An interview with a recent SDSU Chaldean woman graduate who was born and raised in Iraq was displaced due to political unrest, and finally resettled in San Diego.

Chaldeans are an ethnic minority group who live in Iraq. They started immigrating to the U.S. as early as in 1910.[1] They first resettled in Detroit Michigan where the population exponentially grew as political unrest increased in Iraq in 2003. They flew their homeland as a result of religious persecution from the Muslim majority. The process of assimilation for Chaldeans is also challenging where they face.
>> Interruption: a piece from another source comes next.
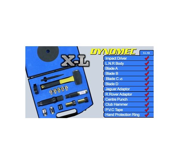 - Kit contents: Impact Driver, LNR Body, Blade A, Blade B, Blade C x5, Blade D, Jaguar Adaptor, Range Rover Adaptor, Centre Punch, Club Hammer, PVC Tape, Hand Protection Ring.
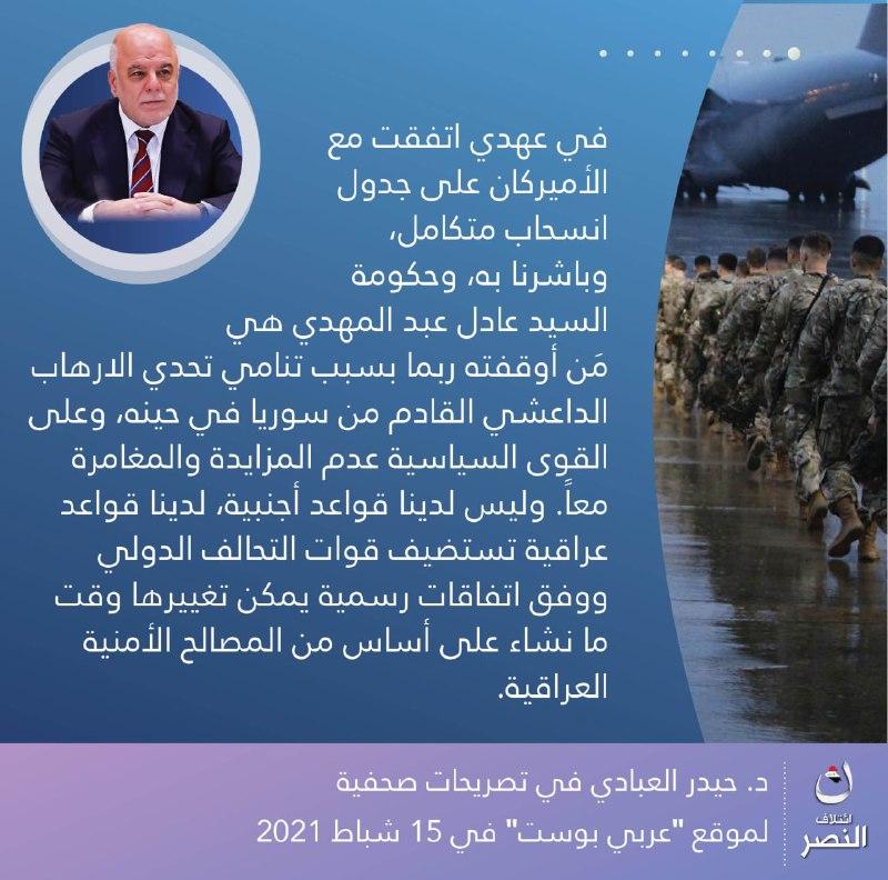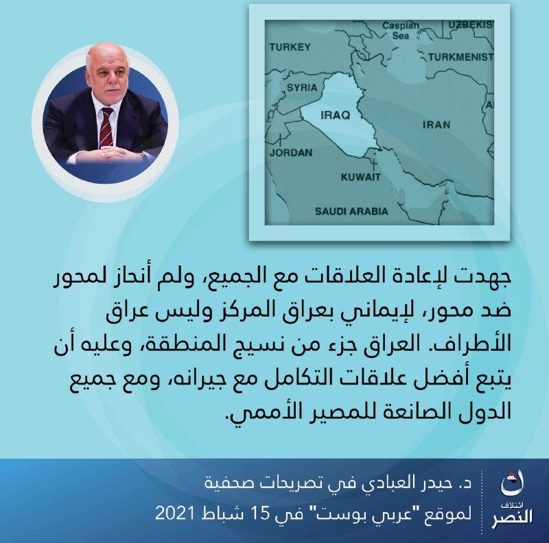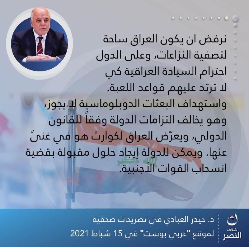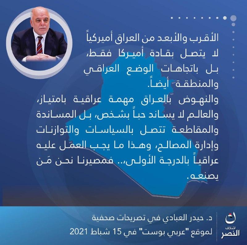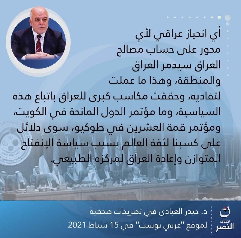 • إئتلاف النصر: مشروع وطني بقيادة الدكتور حيدر العبادي، يهدف لبناء وإدارة الدولة العراقية وفق مقومات الحكم الرشيد،.. يعمل لجميع العراقيين بقومياتهم وأديانهم وطوائفهم كافة، لتحقيق الوحدة والعدالة والسيادة والرفاه.

They struggle with cultural differences, especially the generation born in the United States. For the immigrants that arrive at a younger age here, they witness the displacement process yet spend their golden years trying to assimilate into the culture. I decided to focus on this particular group of Chaldean refugees because I myself had to live through the displacement process, witnessed the struggles most first-generation refugee parents face and had to fight battles to overcome those challenges and pursue higher education in a country that faces challenges inequality and equitable opportunities. This interview focuses on the experiences of the young Chaldean refugee women who migrated to the United States with their families, became first-generation students to even graduate high school, and are the sole providers for their families. Maryam Aso is a 22-year old Chaldean refugee woman who is a recent graduate from San Diego State University. She is getting ready to take the LSAT and attend law school despite the traumatic experiences she went through and the challenges she faced pursuing higher education as a refugee minority woman.


[1] Anon, Chaldean Americans. Countries and Their Cultures. Available at: [Accessed March 15, 2022].